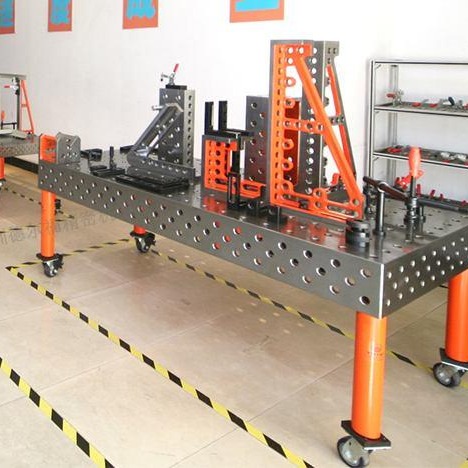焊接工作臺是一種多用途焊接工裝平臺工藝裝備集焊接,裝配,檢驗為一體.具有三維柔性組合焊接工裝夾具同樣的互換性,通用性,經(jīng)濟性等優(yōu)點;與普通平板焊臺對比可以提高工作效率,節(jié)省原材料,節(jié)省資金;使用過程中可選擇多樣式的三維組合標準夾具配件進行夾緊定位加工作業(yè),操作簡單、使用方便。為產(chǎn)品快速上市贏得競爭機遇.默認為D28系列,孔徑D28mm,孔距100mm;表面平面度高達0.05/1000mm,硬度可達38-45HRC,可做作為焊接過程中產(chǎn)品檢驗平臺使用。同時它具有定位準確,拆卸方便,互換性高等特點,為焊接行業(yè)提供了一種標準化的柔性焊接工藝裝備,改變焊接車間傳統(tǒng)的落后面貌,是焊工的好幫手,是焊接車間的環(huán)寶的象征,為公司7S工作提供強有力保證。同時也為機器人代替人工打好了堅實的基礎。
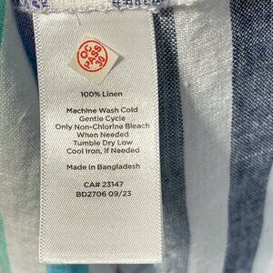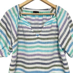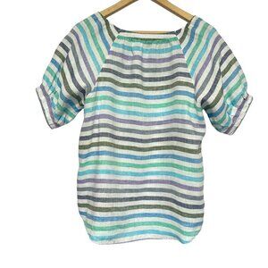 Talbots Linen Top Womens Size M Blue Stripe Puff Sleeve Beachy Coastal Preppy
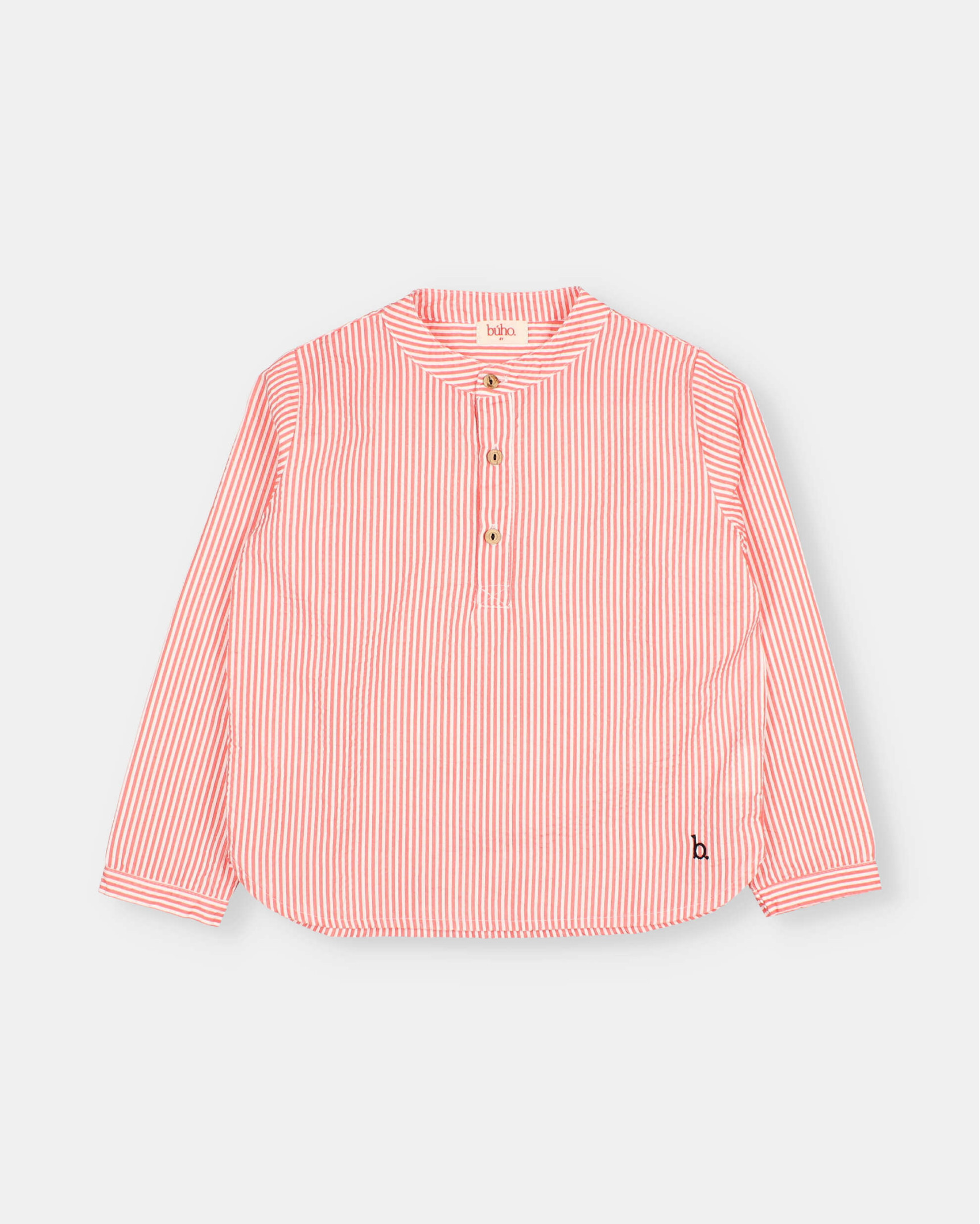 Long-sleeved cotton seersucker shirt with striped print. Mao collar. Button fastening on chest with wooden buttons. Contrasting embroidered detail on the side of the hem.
----
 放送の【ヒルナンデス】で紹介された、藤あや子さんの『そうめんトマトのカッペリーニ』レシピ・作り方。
----
_Task details_
Extract, without any images, the part of the material above that opens with the line containing "焊接工作臺是一種多用途焊接工" and closes with the line containing "Long-sleeved cotton seersucker", both lines included.

_Response to the exercise_
焊接工作臺是一種多用途焊接工裝平臺工藝裝備集焊接,裝配,檢驗為一體.具有三維柔性組合焊接工裝夾具同樣的互換性,通用性,經(jīng)濟性等優(yōu)點;與普通平板焊臺對比可以提高工作效率,節(jié)省原材料,節(jié)省資金;使用過程中可選擇多樣式的三維組合標準夾具配件進行夾緊定位加工作業(yè),操作簡單、使用方便。為產(chǎn)品快速上市贏得競爭機遇.默認為D28系列,孔徑D28mm,孔距100mm;表面平面度高達0.05/1000mm,硬度可達38-45HRC,可做作為焊接過程中產(chǎn)品檢驗平臺使用。同時它具有定位準確,拆卸方便,互換性高等特點,為焊接行業(yè)提供了一種標準化的柔性焊接工藝裝備,改變焊接車間傳統(tǒng)的落后面貌,是焊工的好幫手,是焊接車間的環(huán)寶的象征,為公司7S工作提供強有力保證。同時也為機器人代替人工打好了堅實的基礎。
 Talbots Linen Top Womens Size M Blue Stripe Puff Sleeve Beachy Coastal Preppy
 Long-sleeved cotton seersucker shirt with striped print. Mao collar. Button fastening on chest with wooden buttons. Contrasting embroidered detail on the side of the hem.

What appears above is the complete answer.